So you have decided to study statistics, eh? I don’t blame you. Statistics is pretty wicked awesome. But before you embark on this journey of toil and strife, ahem, I mean joy and wonder, there are a few thing that you may want to get under your belt first. The goal of this post is to help you figure out the very basics of stats so that the rest of the mountain you’ll be climbing won’t be so daunting.
The Fun Fundamentals of Statistics
Statistics can be confusing – I mean you probably wouldn’t be here if you didn’t have a question or two – because it is full of terms, theorems, assumptions, and so on that seem like a foreign language. However, everything about statistics boils down to a few fundamental ideas.
Statistics Basics: Statistical Models
First, every data set has something to say.
“But wait, John, how does data say anything?” you ask.
What a fabulous question! Well, when you set out to use data to answer a question, you are looking for patterns in the data. In statistics, those patterns are called statistical models.
Say you want to know the relationship between the number of coffees people during different times of the day. Then, after asking a bunch of people this question, you look to see if there is a pattern between them. Once you find a pattern, you have a model that helps other people understand the pattern between the number of coffees people drink and the time of day.
Statistics Basics: Population and Samples
Now, you don’t want to go through the trouble of all that time and math for just any one person. Scientists want their work to refer to everyone or everything in a given population. For example, if a chemist can make a battery out of one magnesium atom, then they should be able to make it out of any magnesium atom.
A population is the larger group that the statistician is interested in studying, while the sample is the smaller part of the population that they are able to study. When we study our coffee drinkers, we wanted to know about all people that drink coffee and the time of day (the population) even though we could only ask a few of them (the sample) about their habits.
The goal of gathering data from a sample is to make an inference about the entire population. Statistical models allow you to make these inferences in a reliable and valid way.
Statistics Basics: Mean
The simplest statistical model, upon which almost all other models rest, is the mean or average value of particular data set. The mean is like looking at a painting of pointillism. You get a grander view of the whole thing without having to focus on each individual dot. The mean serves as a summary of the data so that we don’t have to mind-numbingly pour over each discrete value.

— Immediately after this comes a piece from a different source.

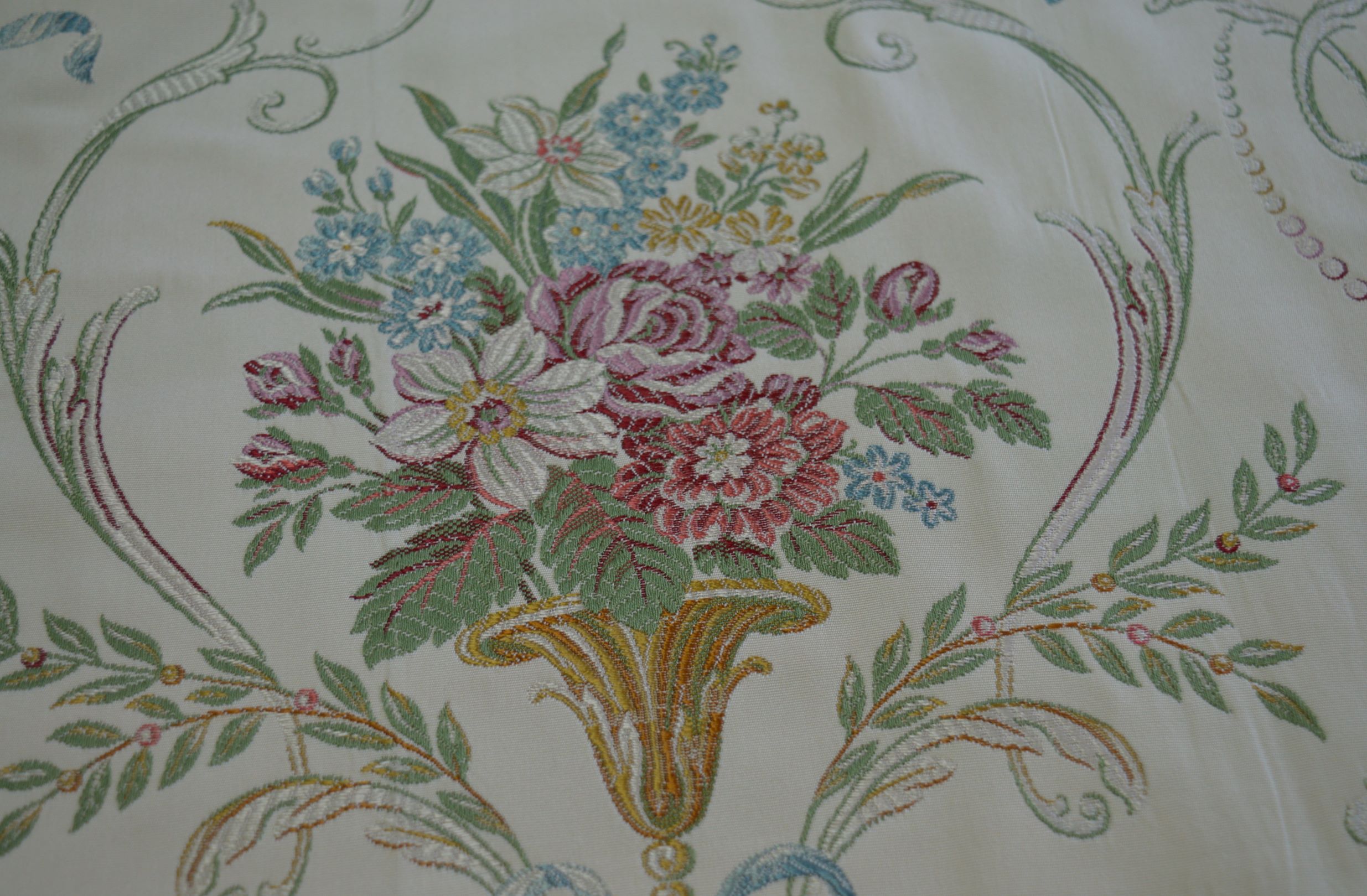 centrotavola quadrato mis cm 75x75 composizione 35% poliestere 65% cotone fondo beige e fantasia multicolore rifinito con passamaneria a cipollina in verde

Statistics Basics: Deviance
If the mean is a little bit wrong, then I don’t wanna be right. Well, the mean is always a little wrong. That’s because numerous measurements make up the mean. Some will be a little higher and some will be a little lower. The amount that a single measure varies from the mean is called the deviation, or standard deviation for a population or sample as a whole.
Image by David M. Lane
If the standard deviation is small (red), then the mean represents that the data is all close together. If the standard deviation is large (blue), then the values are spread out widely. The majority of statistical analyses rely on comparing means and deviations to determine the strength of a model.
Statistics Basics: Standard Error
I have trouble appreciating the differences between professional and high school basketball because I don’t understand the nuances of the game. Now, I don’t claim to understand all the nuances of statistics, but there is one in particular nuance that makes a lot of difference in analyses: standard error.
The standard error is essentially how different your sample mean is from the population mean. Remember that the mean is a statistical model that isn’t a real value in the data. Standard deviation is how different a single measure is from the mean of the sample, but standard error is how different the mean is from the true mean of the population.
Standard error is most valuable for calculating confidence intervals. Confidence intervals are the give and take for a measure and depend on how different your model mean is from the population or a second sample.
All of these fundamentals statistical models, population and sample, mean, deviance, and standard error are pivotal for the most important part of statistics: hypothesis testing, which we’ll cover in another post.